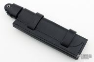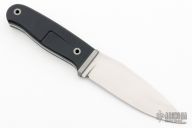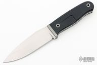 This knife by Rob Bayley features a hand rubbed satin finished blade.  .163" Blade Stock.  1.352" Blade Stock. The handle has black G-10 scales with a bead blasted titanium guard with a full tang construction. Includes a black leather sheath set up for horizontal carry. Marked " 22-18, #1".  Excellent Condition.
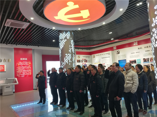 在宣誓臺前,全體黨員干部面對鮮紅的黨旗,高舉右手莊嚴(yán)宣誓,重溫入黨誓詞。
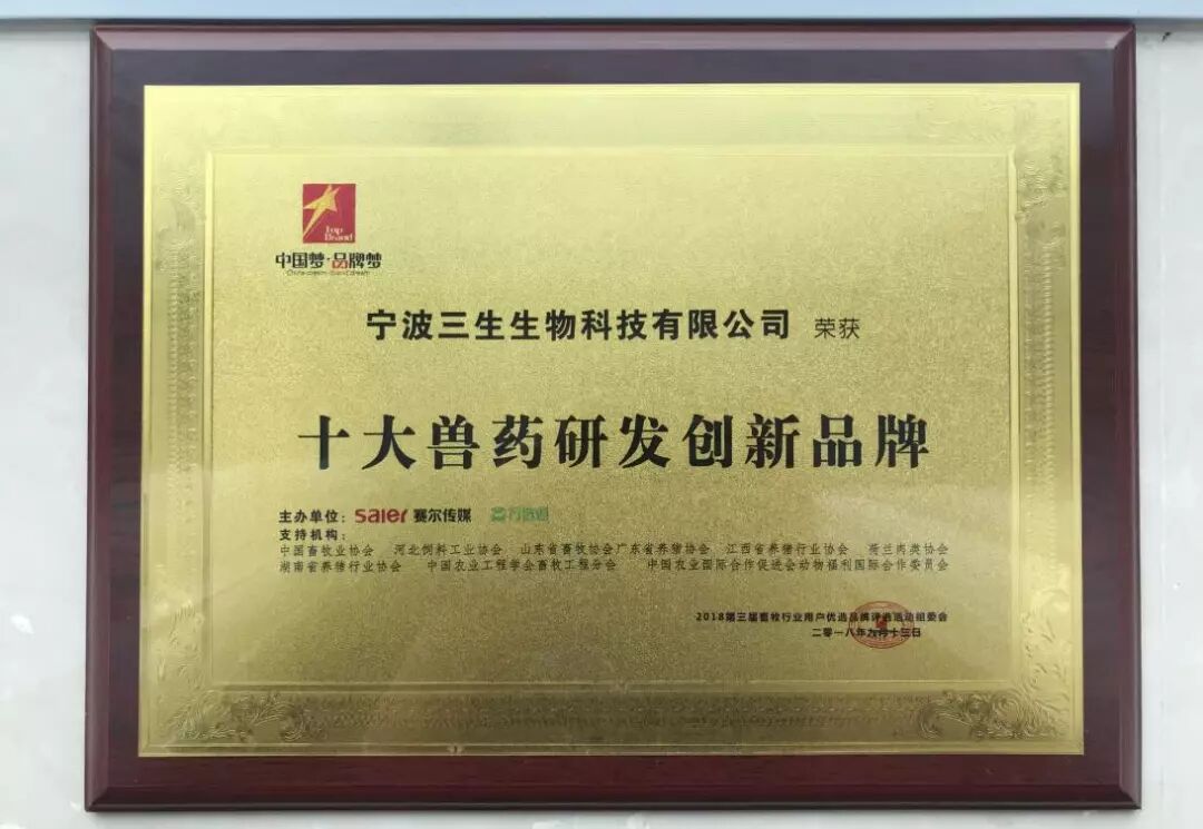 9月13日,宁波三生应邀参加了由赛尔传媒主办的哈兽维科杯“中国梦•品牌梦”2018第三届畜牧优选品牌评选颁奖典礼,并荣获十大兽药研发创新品牌奖项。

## [What to do]
Would you print the whole listing exactly, omitting the pictures?

## [Response to this exercise]
 This knife by Rob Bayley features a hand rubbed satin finished blade.  .163" Blade Stock.  1.352" Blade Stock. The handle has black G-10 scales with a bead blasted titanium guard with a full tang construction. Includes a black leather sheath set up for horizontal carry. Marked " 22-18, #1".  Excellent Condition.
 在宣誓臺前,全體黨員干部面對鮮紅的黨旗,高舉右手莊嚴(yán)宣誓,重溫入黨誓詞。
 9月13日,宁波三生应邀参加了由赛尔传媒主办的哈兽维科杯“中国梦•品牌梦”2018第三届畜牧优选品牌评选颁奖典礼,并荣获十大兽药研发创新品牌奖项。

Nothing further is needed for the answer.